L’immagine delle “California girls contro i Rubin boys” non era abbastanza potente per soddisfare la sete liberal di lettori che vedono il mondo attraverso la lente del genere, bisognava in qualche modo portare in superficie l’implicita sintesi della contesa, quella del maschio prevaricatore che si frappone all’emancipazione della femmina laureata.

Ecco servito il cortocircuito fra politica monetaria e quote rosa sul futuro della Fed.

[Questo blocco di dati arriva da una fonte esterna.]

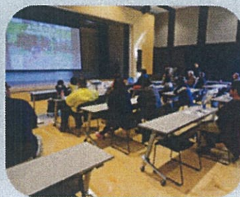
活動報告会の開催
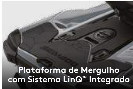
Plataforma de Mergulho com Sistema LinQ™ Integrado

Amplio compartimento de carga frontal, facilmente acessível a partir de uma posição sentada. 1
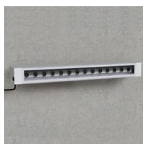
1775 Sicura - ellittico LED
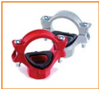
Derivazione a staffa filettata mod. 720F da 2" a 6" Threaded branch outlet mod. 720F from 2" to 6"
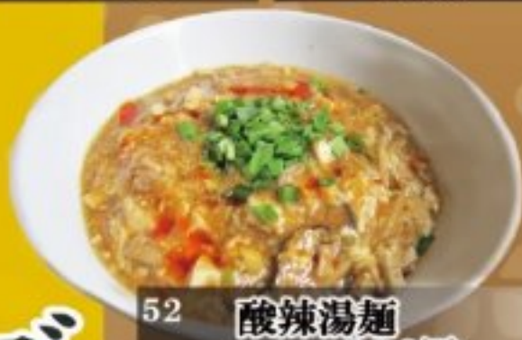
52 酸辣湯麺 830円
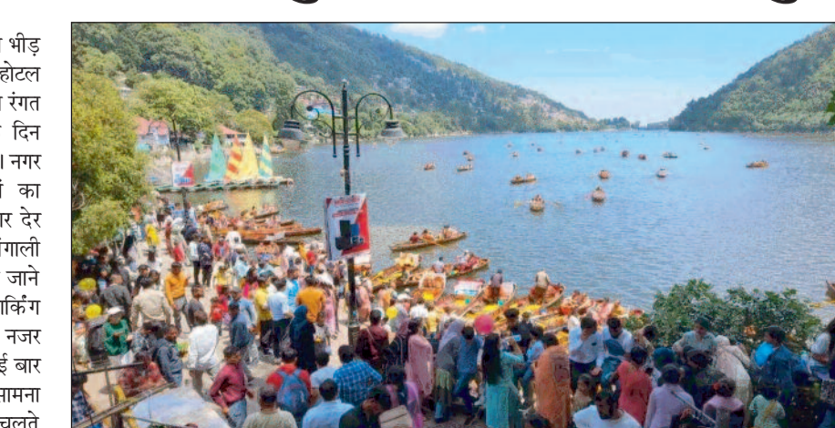
सैलानियों से गुलजार हुआ नैनीताल स्थल सैलानियों से गुलजार रहे। स्नो व्यू, चिड़ियाघर, केव गार्डन, सैलानियों की भीड़ उमड़ने से पर्यटन हिमालय दर्शन, संख्या में यहां पहुंच रहे हैं।

नैनीताल। वीकेंड पर सैलानियों की भीड़ उमड़ने से सरोवर नगरी के अधिकांश होटल पैक हो गए हैं। जिसके चलते नगर की रंगत में निखार आ गया है। दशहरा तक दिन सैलानियों की आमद में बढ़ोतरी रहेगी। नगर सैर के लिए शुक्रवार से सैलानियों का पहुंचना शुरू हो गया था, जो शनिवार देर शाम तक जारी रहा। काफी संख्या में बंगाली सैलानी पहुंचे हुए हैं। पार्किंग फुल हो जाने से नगर का यातायात प्रभावित हुआ। पार्किंग की तलाश में सैलानी मशकत करते नजर आए। चिड़ियाघर व स्नो व्यू मार्ग में कई बार जाम लगने से लोगों को परेशानी का सामना करना पड़ा। लगातार बढ़ते लोगों के चलते यहां पर जाम की भी समस्या खड़ी हो रही है।
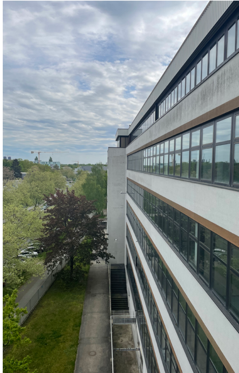
Abbildung 3: Straßenfront Verwaltungsbau

Nutzungen gem. § 11 Abs. 3 der Baunutzungsverordnung wie großflächiger Einzelhandel sind ausgeschlossen. Durch die räumliche Nähe zur Freien Universität Berlin und weiteren Forschungseinrichtungen ist der Standort auch für mit Wissenschaft und Forschung kooperierenden Firmen interessant. Die Gewerbeflächen eignen sich sowohl für Fertigung, angeschlossene Verwaltung, Forschung und Entwicklung, Vertrieb und Service.
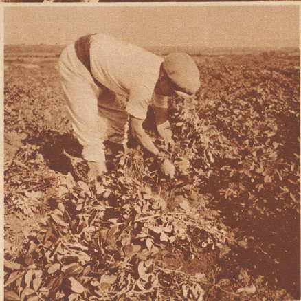
Herausgerissene Arachis- oder Erdnüsspflanze mit reifen Nüsschen.

Bei Valencia in Spanien dehnt sich ein über 200 Kilometer weites Erdnüssfeld aus. Die Erdnüss wächst an kleinen, Kartoffelsträuchern ähnlichen Stauden. Da sich die Samen mit den Pflanzenstielen in die Erde bohren, muß die Pflanze bei der Ernte der Erdnüsschen ganz ausgerissen werden.
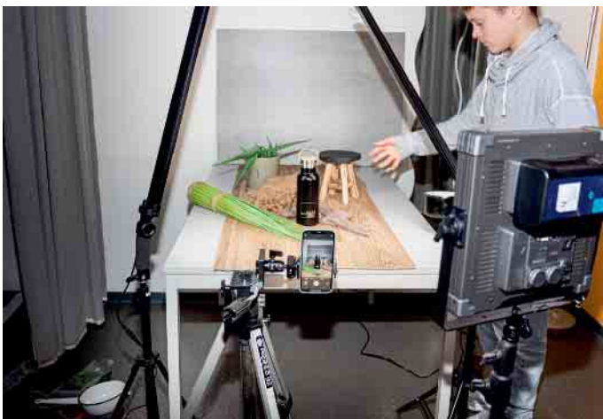
Im hauseigenen Fotostudio wurde eifrig dekoriert.

Bei leckerer Pizza ging ein aufregender und abwechslungsreicher Tag zu Ende.
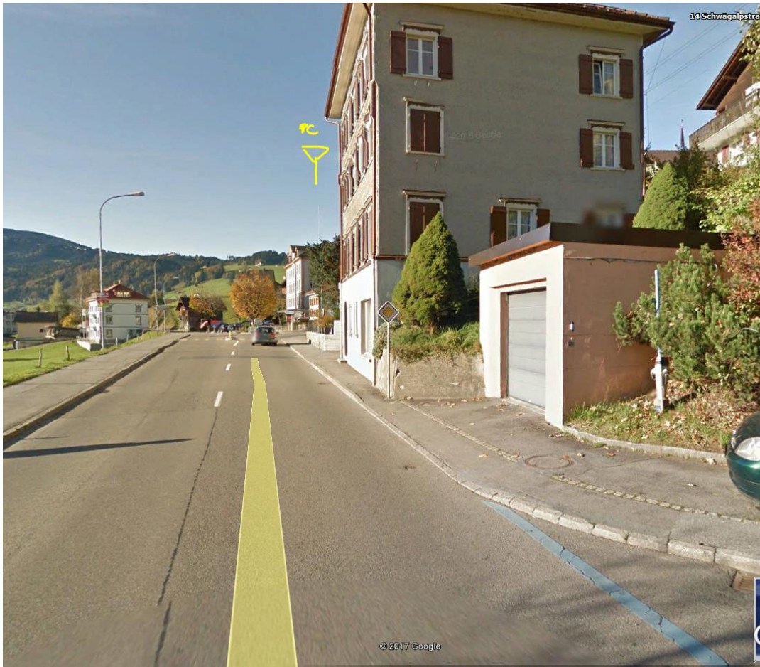
Sicht auf Polycom Sender auf Depot am Dorfausgang. Hier links die Messung, zu Fuss.
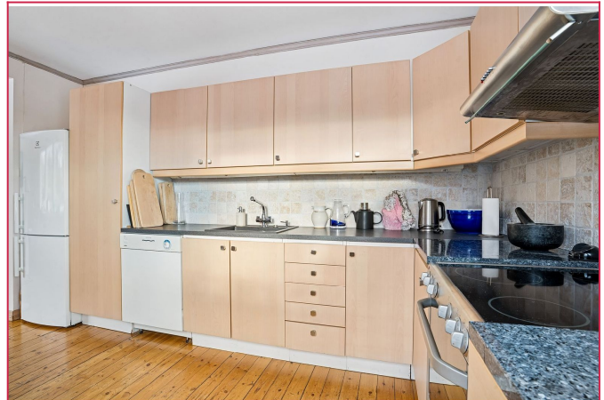
Kjøkkenet har godt med oppbevaringsplass i skuffer og skap.
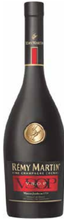
Remy Martin V.S.O.P. ▣ 9
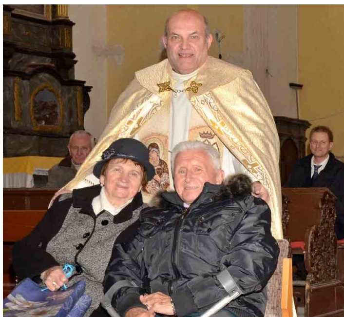
Manželům Dvořákovým požehnal páter Leopold Paseka.
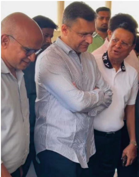
హైదరాబాద్, మార్చి 11 (ప్రజా జ్యోతి) : తలసేమియా సికిల్ సెల్ సొసైటీ(టీఎస్ సీఎస్) సోమవారం హైదరాబాద్లోని గుడిమల్యాపూర్లోని కింగ్స్ ప్యాలెస్లో మెగా రక్తదాన శిబిరాన్ని నిర్వహించింది.

- శిబిరాన్ని సందర్శించిన ఎమ్మెల్యే అక్బరుద్దీన్ ఒవైసీ
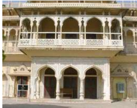
Jaipur © Christophe Roux - Inde : le Rajasthan
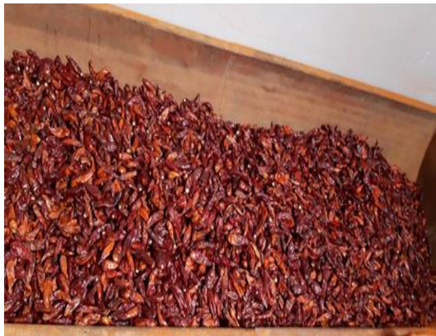
Slika 20. Osušena paprika
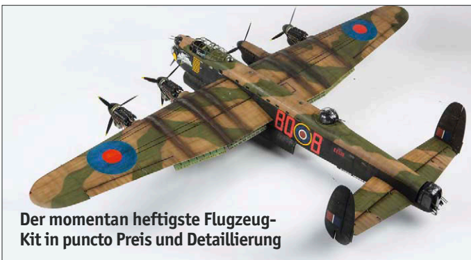
Der momentan heftigste Flugzeug-Kit in puncto Preis und Detaillierung

Il New York Times ha aumentato la posta, questa volta dalla pagina degli editoriali, con un convinto endorsement di Yellen motivato innanzitutto dalla sua indipendenza dalla gang guidata da Robert Rubin, manovrata dal clan dei Clinton e particolarmente affezionata ai lucrativi incarichi che Citibank generosamente offre negli intervalli fra un ruolo politico e l’altro (fanno parte della banda i vari Geithner, Orszag, Froman, Lew e molti altri); ma allo sdegno per le affiliazioni clintoniane – peraltro curioso per un giornale che ha sguazzato nella deregolamentazione di Wall Street fatta da Rubin in anni di vacche grasse – aggiunge l’elemento sessuale: quella degli economisti clintoniani è una “fraternity”, un club per soli uomini, l’opposto esatto della “sorority”, dunque Yellen non può farne parte. Per questo Obama deve nominarla.

Così cresce quello che il Wall Street Journal chiama il “circo della Fed”, uno psicodramma da quote rosa che finisce per ignorare “il vero problema: né Yellen né Summers sembrano intenzionati a fare quello che il prossimo capo della Fed dovrebbe avere come priorità: riportare l’indipendenza della Banca centrale interrompendo gli interventi post crisi e concentrandosi sulla stabilità dei prezzi”.